This post originally appeared on the Engage/Teacher to Teacher blog in February 2012. Vaunda Micheaux Nelson received the 2010 Coretta Scott King Author Award for BAD NEWS FOR OUTLAWS: THE REMARKABLE LIFE OF BASS REEVES, DEPUTY U.S. MARSHAL (Carolrhoda Books 2009). WHO WILL I BE, LORD? (Random House 2009), ALMOST TO FREEDOM (Carolrhoda Books 2003), READY? SET. RAYMOND! (Random House 2002), and MAYFIELD CROSSING (Putnam 1993) are among her other books. She co-authored JUNETEENTH (Millbrook 2006) with her husband, Drew, with whom she lives in New Mexico. The subject of your latest book, NO CRYSTAL STAIR, is Harlem bookseller Lewis Michaux, who left behind some mysteries (like his exact birth date). Can you describe your research process for uncovering the facts about his life?
This is a huge question about a process that extended over many years and continues, not only formal research but family history. In brief, I acquired source material from family members, the Schomburg Center in Harlem, Howard University, the Hatch- Billops Collection, court records, church documents, FBI files, census records, death certificates and other vital statistic sources, and oral stories. I traveled to New York City, Washington, D.C., Pittsburgh, and Newport News, Virginia. Many questions went unanswered and will likely remain so. When faced with contradictory information, I weighed what I could, drew conclusions and made reasonable guesses. NO CRYSTAL STAIR is billed as a “documentary novel,” and your first foray in writing for teens. Why did you make the decision to write this story in this particular genre?
My early drafts, written as straight biography, lacked the emotion I was reaching for. The fictionalized documentary format gave me the flexibility to reveal Lewis’s spirit, intelligence, charm, and weaknesses. By the way, I consider my novel POSSIBLES as my initial foray into writing for teens. The title NO CRYSTAL STAIR is taken from the Langston Hughes poem “Mother to Son.” What’s the connection between the two?
Hughes’s poem addresses the struggle to overcome long odds, the spirit to keep climbing, and in this case, Lewis’ journey from troubled young man to “Professor.” In your Coretta Scott King Book Award-winning BAD NEWS FOR OUTLAWS, you wrote about another lesser-known historical figure—Deputy U.S. Marshal Bass Reeves. What drew you to Reeves as a subject?

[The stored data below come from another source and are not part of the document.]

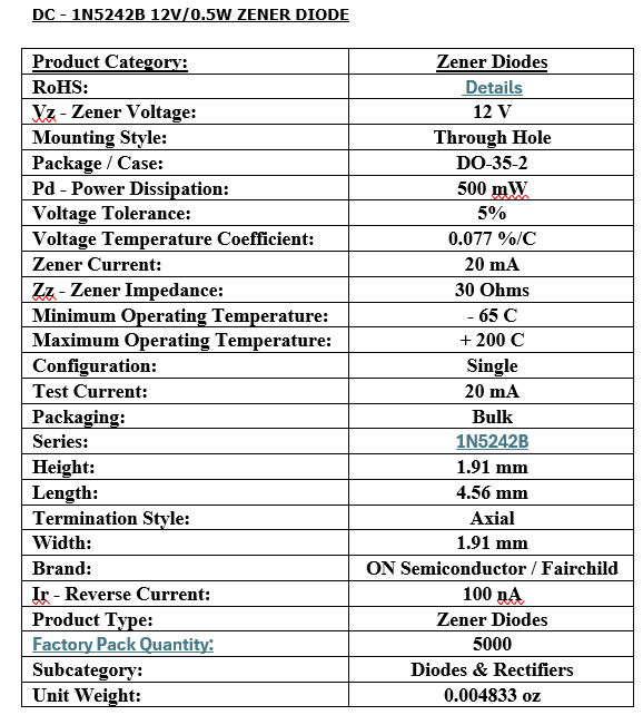 DC - 1N5242B 12V/0.5W ZENER DIODE
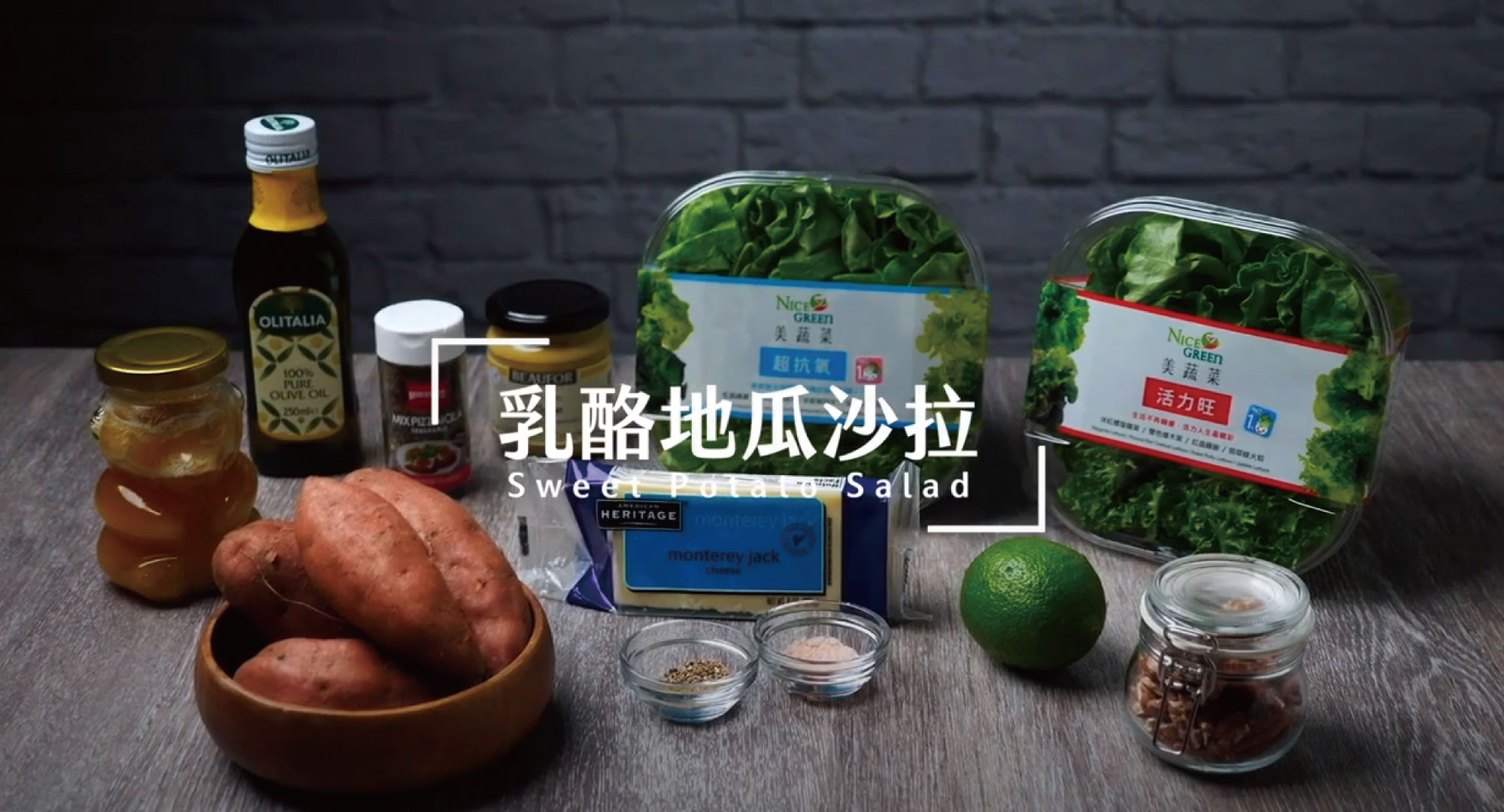 2. 加入烤好的地瓜、蒙特利傑克起司跟薄鹽胡桃
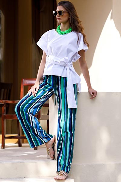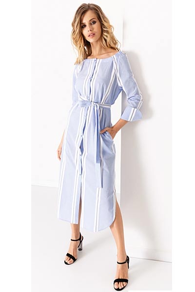 Сочетание белого с голубым очень летнее, напоминающее о море. В этом сезоне брестские дизайнеры в изобилии предложили платья в бело-голубой гамме. Это сочетание очень хорошо подходит русоволосым и блондинкам, подчеркнёт природные краски.
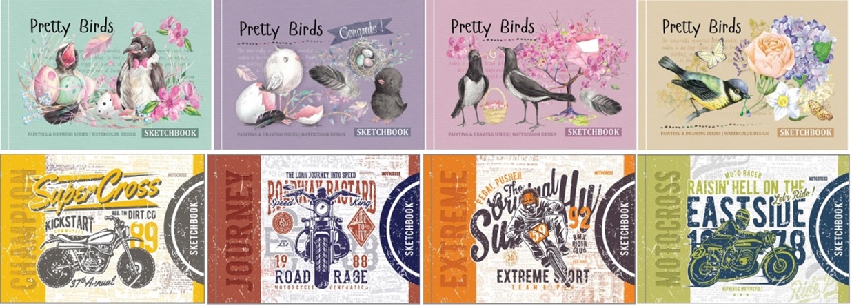 Szkicownik 197x124 36 stron 100g/m2 TW, mix wzorów, wzór wysyłany losowo.
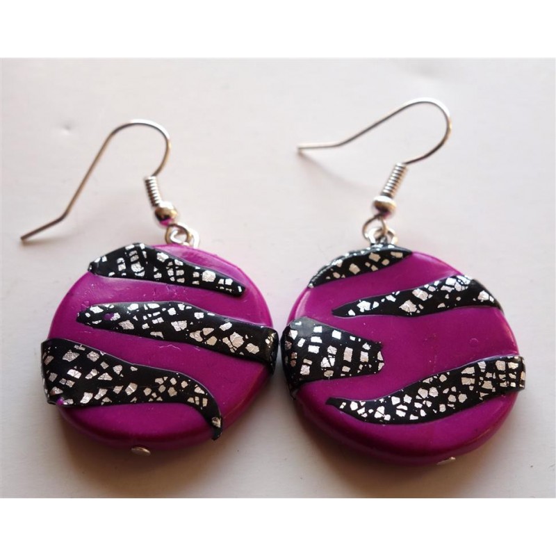 Boucles d'oreilles zèbre fuchsia
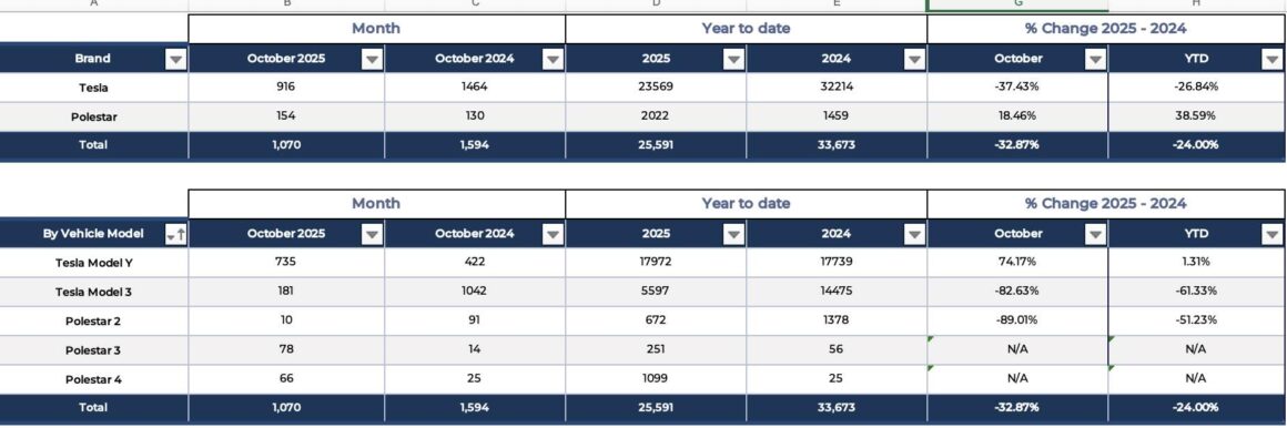 Sales of Australia’s leading EV brand Tesla have slumped in October – following a typically buoyant end-of-quarter result in September – with the Model 3 electric sedan hitting its lowest levels since 2022, and despite a stronger performance from the Model Y electric SUV.
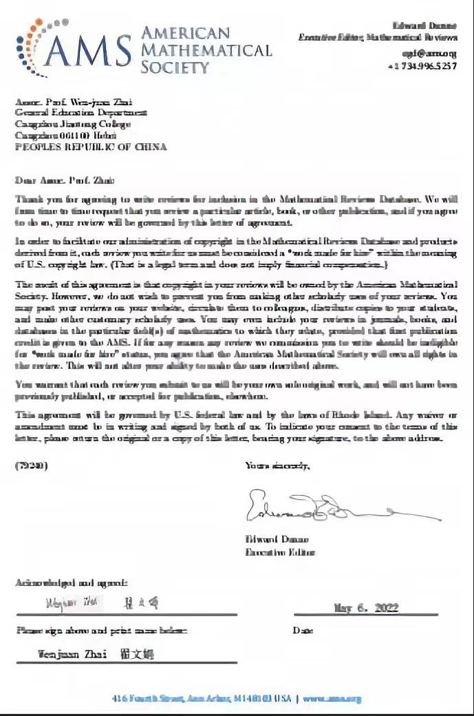 翟文娟老师是365官网首个成为美国《数学评论》评论员的教师,主要从事计算数学、统计优化等方面的研究工作,已发表SCI收录及核心学术论文10余篇,论文发表在Applied Mathematical Modeling、Calcolo、Journal of Applied Statistics、Advances in Difference Equations、Journal of Inequalities and Applications、AStA Advances in Statistical Analysis、Journal of Applied Mathematics and Computing等国际重要SCI期刊及《计算数学》、《数学进展》、《高校计算数学学报》等国内核心期刊。主持并完成河北省教育厅高等学校科学研究项目2项,校级重点项目2项。
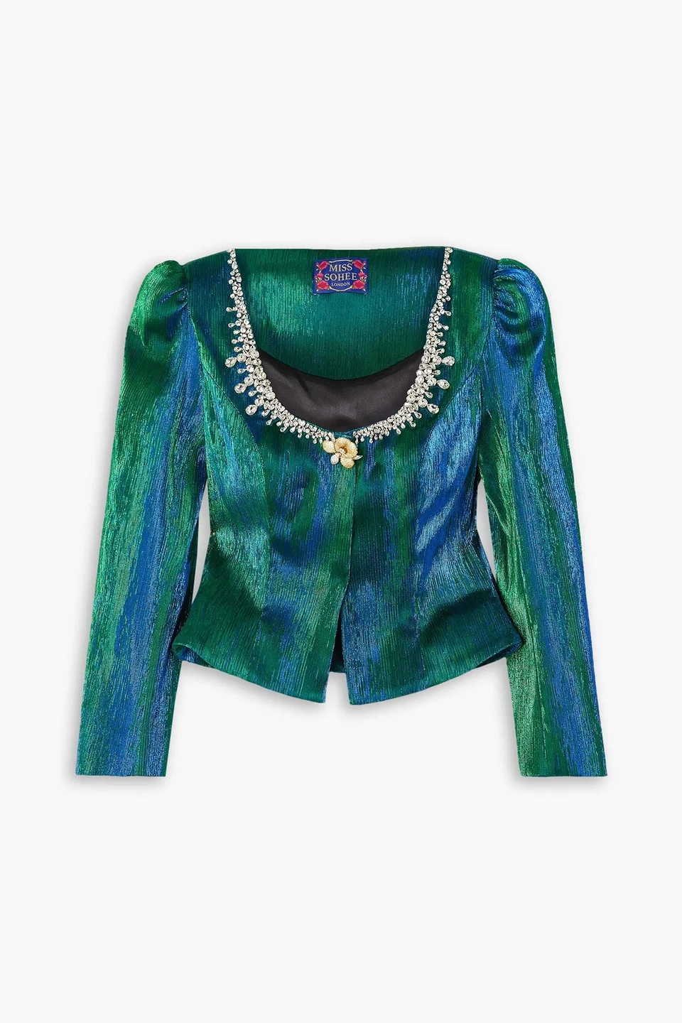 Jacket lame brooch crystals shoulder pads concealed snap fastenings through front fully lined slightly stretchy fabric mid-weight fabric dry clean made in uk 50% Acetate 28% Polyamide 18% Polyester 4% Elastane Product Code 1647597324192235
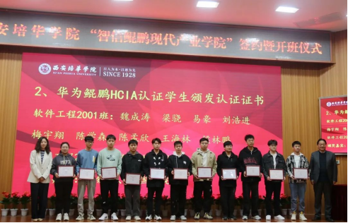 开班仪式上,西安西软云智信息科技有限公司总经理贾锐、培华智能科学与信息工程学院院长程国建还为取得华为鲲鹏HCIA认证的学生颁发了认证证书。
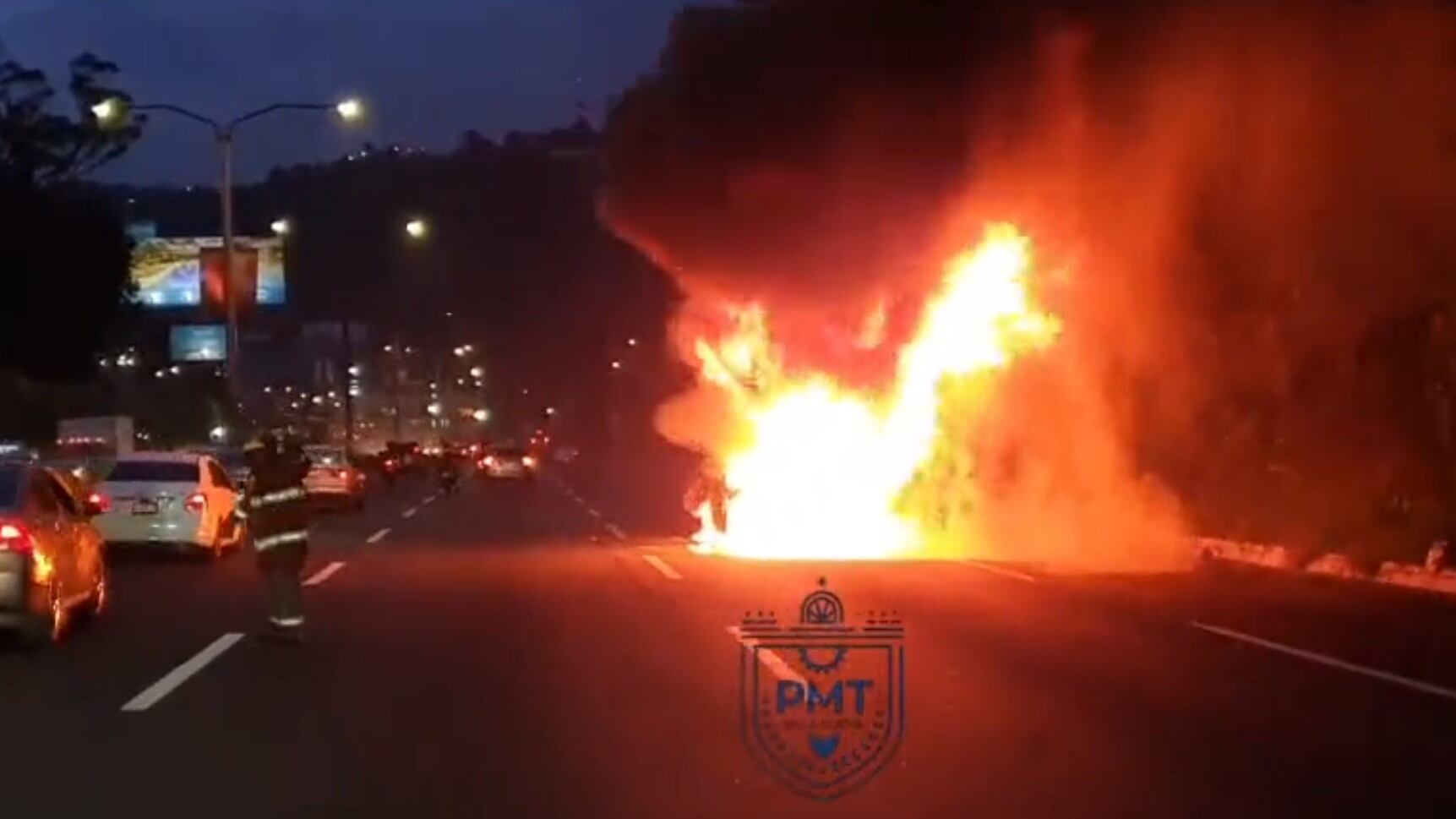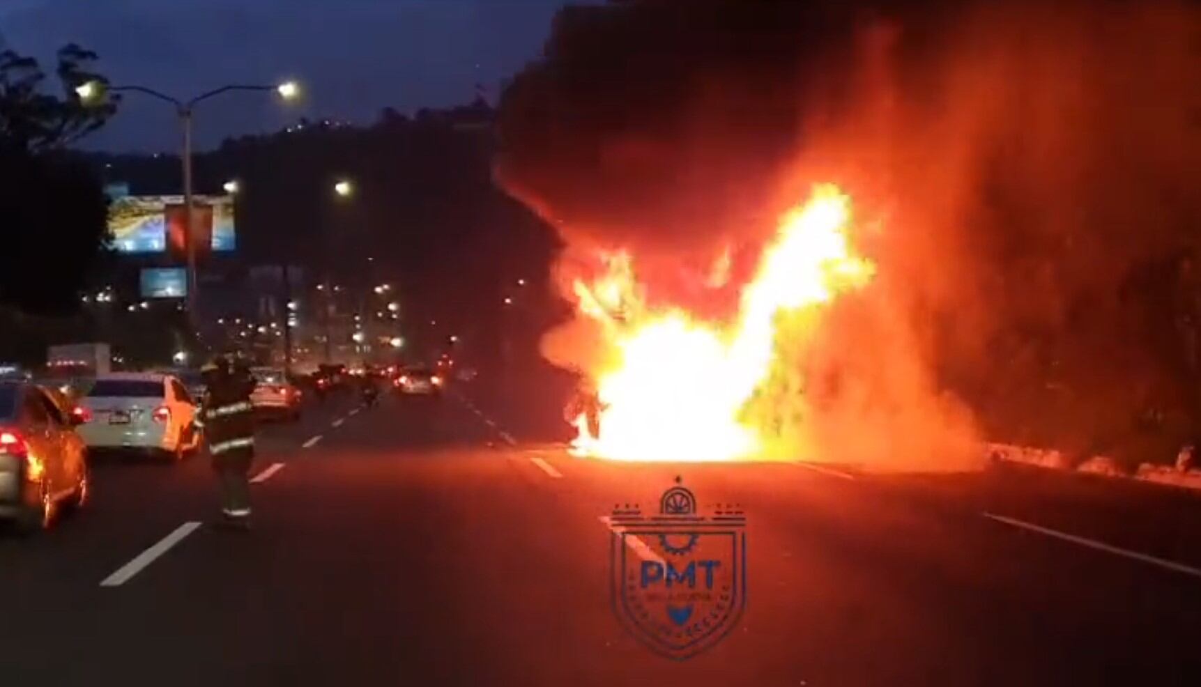 El fuego se extendió por toda la estructura del automotor y las columnas de humo se extendían por el área, por lo cual quedaron bloqueados los tres carriles con dirección al norte.
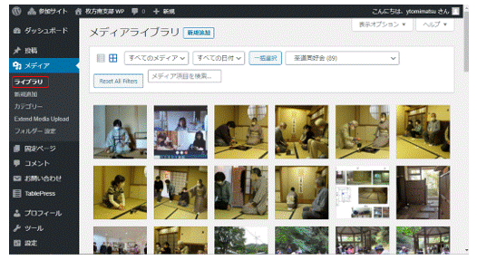 また、私は別の仲間とWordPressでホームページを作っていますが、扱うメディア(画像)が1万枚を越えています。特にこのメディアを扱うときにメモリが不足して、ストレージを「仮想メモリ」にする現象に遭遇して、操作が極端に遅くなることもあります。下図はWordPressで画像を扱うときの一画面です。
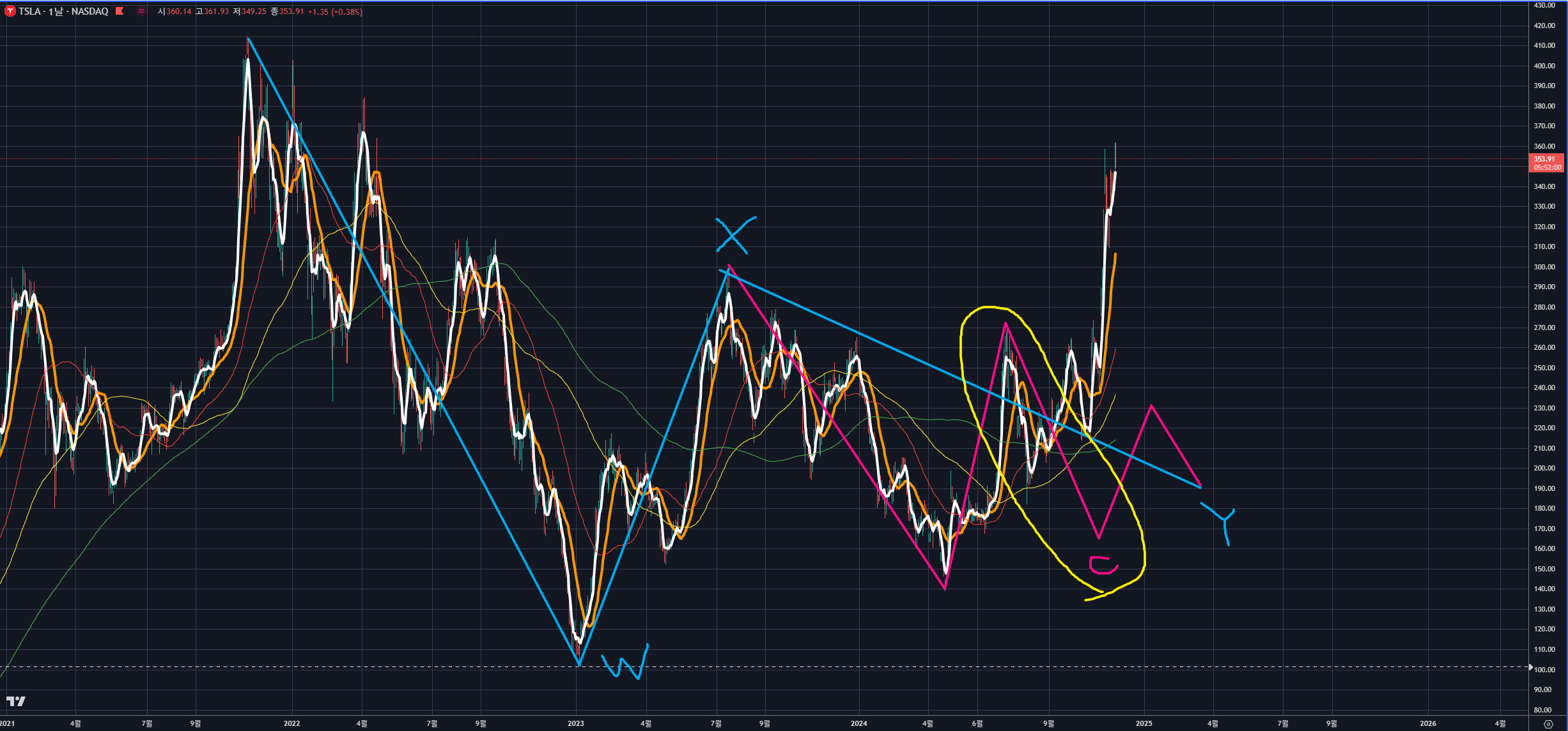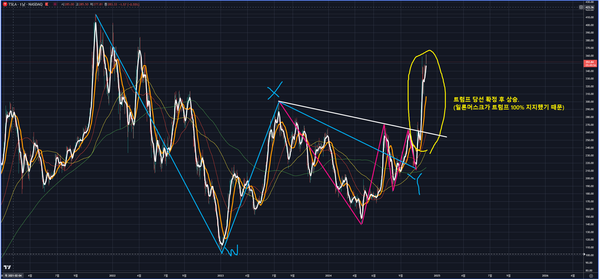 테슬라는 추가 조정을 더이상 주지 않고, 미 대선 시기에 맞춰 하얀색 하락추세선을 상향돌파를 하였습니다. 트럼프 당선이 확정되고, 급등한 모습이죠. 일론머스크가 트럼프를 100% 지지한 것이 매수세가 들어오기 좋았습니다.

His character. His absolute commitment to doing his duty. His unwavering devotion to what was right. Also, he lived in a time and place that has always intrigued me—the Old West. How does your position as a youth services librarian influence your writing?
On the downside, my full-time library work creates a time obstacle to my writing. On the upside, it keeps me immersed in the literary world, abreast of what is current, as well as classic, and in touch with the mood of my patrons. It has also proven invaluable in meeting and interacting with other writers.